Exercise instructions
Would you reproduce the data below exactly, please, leaving out its images?

Given material
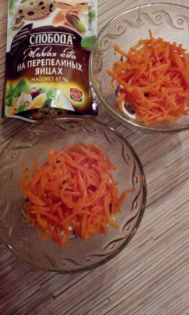 Далее уложите слой морковки по-корейски. Если ее полоски слишком длинные, то ее лучше измельчить.
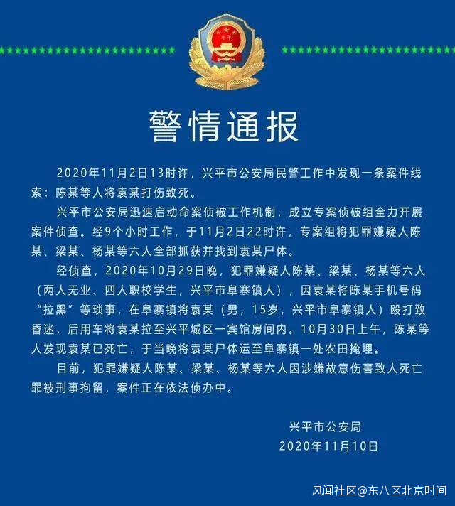 通報顯示,經偵查,2020年10月29日晚,犯罪嫌疑人陳某、梁某、楊某等六人(兩人無業、四人職校學生,興平市阜寨鎮人),因袁某將陳某手機號碼“拉黑”等瑣事,在阜寨鎮將袁某(男,15歲,興平市阜寨鎮人)毆打致昏迷,後用車將袁某拉至興平城區一賓館房間內。10月30日上午,陳某等人發現袁某已死亡,於當晩將袁某屍體運至阜寨鎮一處農田掩埋。
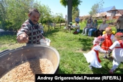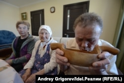 Владислав Эльмень выносит ковш с пивом и поет старинное приветствие. Потом наш провожатый, ученый-филолог и председатель Центрального совета чувашских старейшин Виталий Станъял, расскажет, что в приветствии содержится старинная формула, которую можно перевести следующим образом: если нет медового пива, то найдем хмельной отвар. Медовые сорта пива — симбыл и шербет — считались дорогими из-за того, что целебным был ключевой ингредиент — мед (медовым пивом нас, конечно, тоже угостили).
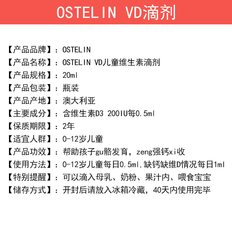 Australian Ostelin VD drops 20ml children baby baby vitamin D3 drip tonic calcium strawberry flavor-Taobao

Result for this task
 Далее уложите слой морковки по-корейски. Если ее полоски слишком длинные, то ее лучше измельчить.
 通報顯示,經偵查,2020年10月29日晚,犯罪嫌疑人陳某、梁某、楊某等六人(兩人無業、四人職校學生,興平市阜寨鎮人),因袁某將陳某手機號碼“拉黑”等瑣事,在阜寨鎮將袁某(男,15歲,興平市阜寨鎮人)毆打致昏迷,後用車將袁某拉至興平城區一賓館房間內。10月30日上午,陳某等人發現袁某已死亡,於當晩將袁某屍體運至阜寨鎮一處農田掩埋。
 Владислав Эльмень выносит ковш с пивом и поет старинное приветствие. Потом наш провожатый, ученый-филолог и председатель Центрального совета чувашских старейшин Виталий Станъял, расскажет, что в приветствии содержится старинная формула, которую можно перевести следующим образом: если нет медового пива, то найдем хмельной отвар. Медовые сорта пива — симбыл и шербет — считались дорогими из-за того, что целебным был ключевой ингредиент — мед (медовым пивом нас, конечно, тоже угостили).
 Australian Ostelin VD drops 20ml children baby baby vitamin D3 drip tonic calcium strawberry flavor-Taobao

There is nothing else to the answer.